Лилия, соскочив с кровати, тоже подошла к окну. Оживилась и набережная перед Вардоцом: горожане бежали смотреть на золотой чудо-корабль. Рагнер поцеловал Лилию в губы и стал одеваться.
И она молча оделась. Заговорила вновь, когда они стояли в кабинете, готовыми к выходу.
– Так это всё? Закончилось? Больше меня не любишь?
– Лилия… Послушай… на сегодня для меня картина выглядит так: на одной чаше весов дама, которую я притащил сюда из-за трех морей, жил здесь с ней как с женой более пяти восьмид, она ждет моего наследника, и я ее люблю. На второй чаше весов – ты, которую я тоже люблю, но с тобой я всего девятнадцать дней, и ничего тебе не обещал, и никуда тебя не тащил. И я сейчас не могу ничего решить – только, когда вернусь уже в третьей триаде Любви. Пожалуйста, ни на что не надейся… ее чаша весов намного тяжелее твоей.

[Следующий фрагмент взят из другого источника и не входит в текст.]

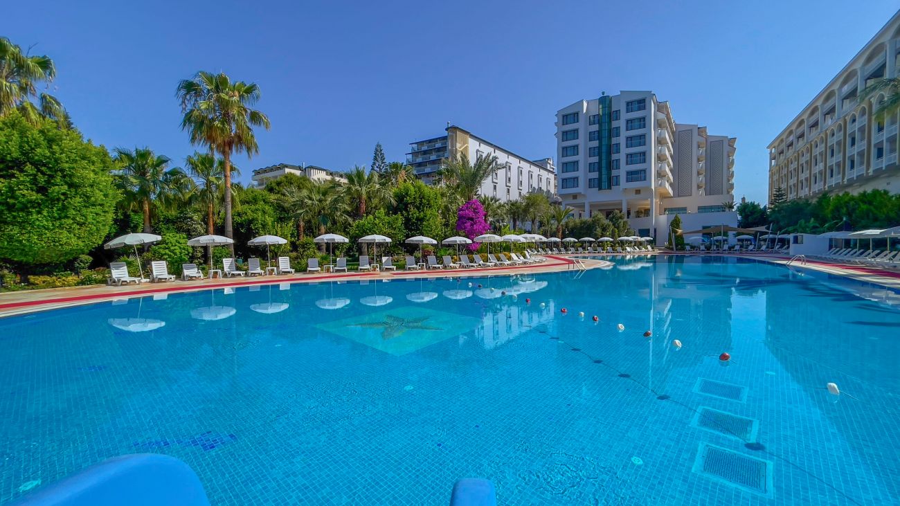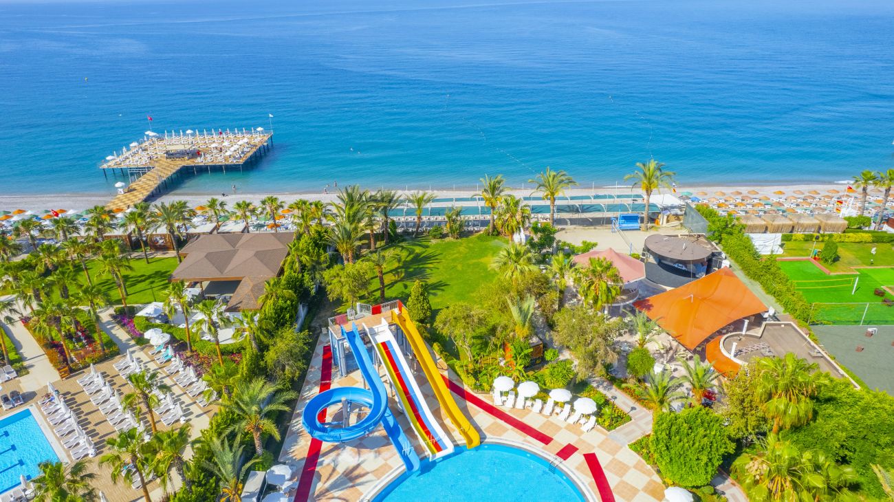 Основен ресторант, 2 а-ла-карт ресторанта (турски и италиански - 1 безплатно посещение на един от ресторантите - с предварителна резервация), 2 бара, открит и закрит басейн, 3 водни пързалки, магазини, дискотека (напитките се заплащат). За децата: детска площадка, детски басейн, мини-клуб(4-12г.) Безплатни услуги: Турска баня, фитнес, тенис на маса, софт анимация, WiFi (на лоби). Платени услуги: Сауна, масаж, джакузи, билярд, телефон, водни спортове, лекар, магазини, център за красота, химическо чистене.

– А если я тоже уже жду твоего наследника? Ведь всё может быть!
– Свое чадо я признаю: сына рыцарем сделаю, а дочку замуж выгодно выдам.

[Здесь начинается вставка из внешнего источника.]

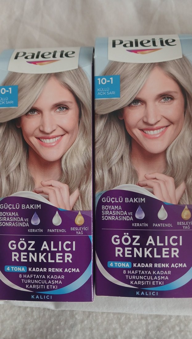 Palette 10-1 küllü açık sarı saç boyası 4 tona kadar renk açma sağlar. Keratin, panthenol ve besleyici yağ içerir. Boyama sırasında ve sonrasında güçlü bakım yapar, turunculaşmaya karşı korur, 8 haftaya kadar kalıcıdır.

– Ну хоть так… Хоть одно обещание у меня есть…
– Лилия, – обнял ее Рагнер. – Ты же моя прекрасная дама, путь и тайная, – нежно шептал он. – Я тебя обижать не позволю… Но… лучше тебе переехать из Ларгоса. В Брослос хочешь? Тебе же там нравилось, и в большом городе не сплетничают… А я там буду часто тебя навещать, я же теперь торгаш!
– Не знаю… – не улыбнулась она. – Поговорим, когда ты вернешься. Может, твое отсутствие и мою голову проветрит… и мы с братом уедем подальше от этих мест… и от тебя…

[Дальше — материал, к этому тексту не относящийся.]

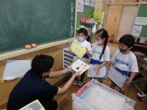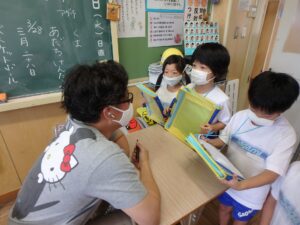 まず、お名前を聞くときには、自己紹介をしよう。それから、その先生の事を教えてもらおう。名前のほかにも質問しようということにしました。早速、質問項目を考え、1年生は、インタビューにでかけきました。

Он нежно ее поцеловал, зная, что наверняка будет так, как он придумал: Маргарита останется в Ларгосе, Лилия – переедет в Брослос, и он не потеряет ни ту, ни другую.
________________
Большие корабли встали на якорь в море, на отдалении от причала. Когда Рагнер появился на набережной, лодка с его гостями уже подгребала ней. Принц Адальберти Баро утопал в пушистых мехах: кроме большой енотовой шапки он подивил северян меховой мантией из золотистого соболя, широкой куньей оторочкой на сапогах, а также муфтой из лисы, пристегнутой к поясу (тьфу, не в золоту и шелку нынча прынцы пошли – рядятся как беднота из Орзении, а муфта-то как у бабы!). И его сын, тоже одетый в шубу мехом наружу и шапку из соболя, выглядел для местных законченным нищебродом.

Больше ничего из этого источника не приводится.